## [Work item]
If a line of the data below contains the string "This", count it, then state the total alone.

## [Input data]
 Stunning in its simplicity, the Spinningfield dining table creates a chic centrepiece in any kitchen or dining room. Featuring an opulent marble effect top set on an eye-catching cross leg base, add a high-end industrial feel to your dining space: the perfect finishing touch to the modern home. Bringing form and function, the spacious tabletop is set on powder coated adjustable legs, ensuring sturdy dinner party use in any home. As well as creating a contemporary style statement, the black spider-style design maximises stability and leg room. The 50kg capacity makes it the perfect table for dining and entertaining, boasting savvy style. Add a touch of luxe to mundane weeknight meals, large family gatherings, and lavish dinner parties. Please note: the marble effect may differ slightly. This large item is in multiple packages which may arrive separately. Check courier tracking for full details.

==

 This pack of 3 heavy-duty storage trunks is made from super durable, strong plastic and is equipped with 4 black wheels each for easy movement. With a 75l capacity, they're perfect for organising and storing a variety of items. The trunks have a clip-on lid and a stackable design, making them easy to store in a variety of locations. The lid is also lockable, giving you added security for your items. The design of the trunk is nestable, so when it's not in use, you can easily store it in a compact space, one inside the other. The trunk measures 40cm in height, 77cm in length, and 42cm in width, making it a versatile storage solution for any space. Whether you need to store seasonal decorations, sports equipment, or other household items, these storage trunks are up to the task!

==

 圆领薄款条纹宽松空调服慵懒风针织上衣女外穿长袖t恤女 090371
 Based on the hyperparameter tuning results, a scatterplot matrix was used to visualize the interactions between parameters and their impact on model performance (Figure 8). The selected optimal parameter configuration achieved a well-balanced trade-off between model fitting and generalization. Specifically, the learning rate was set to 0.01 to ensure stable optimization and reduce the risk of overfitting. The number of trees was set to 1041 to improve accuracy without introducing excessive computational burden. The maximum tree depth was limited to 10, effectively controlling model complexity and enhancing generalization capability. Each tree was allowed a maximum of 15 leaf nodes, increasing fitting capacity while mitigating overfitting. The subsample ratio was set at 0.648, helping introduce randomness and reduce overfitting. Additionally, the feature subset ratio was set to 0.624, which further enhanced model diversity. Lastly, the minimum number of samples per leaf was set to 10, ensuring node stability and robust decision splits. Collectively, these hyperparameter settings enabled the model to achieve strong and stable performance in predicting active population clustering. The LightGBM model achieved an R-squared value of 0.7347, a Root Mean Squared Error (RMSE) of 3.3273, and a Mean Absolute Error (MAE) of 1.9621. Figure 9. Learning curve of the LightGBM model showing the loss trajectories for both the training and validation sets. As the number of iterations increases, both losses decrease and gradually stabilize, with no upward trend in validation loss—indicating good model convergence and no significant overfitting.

## [Exercise output]
2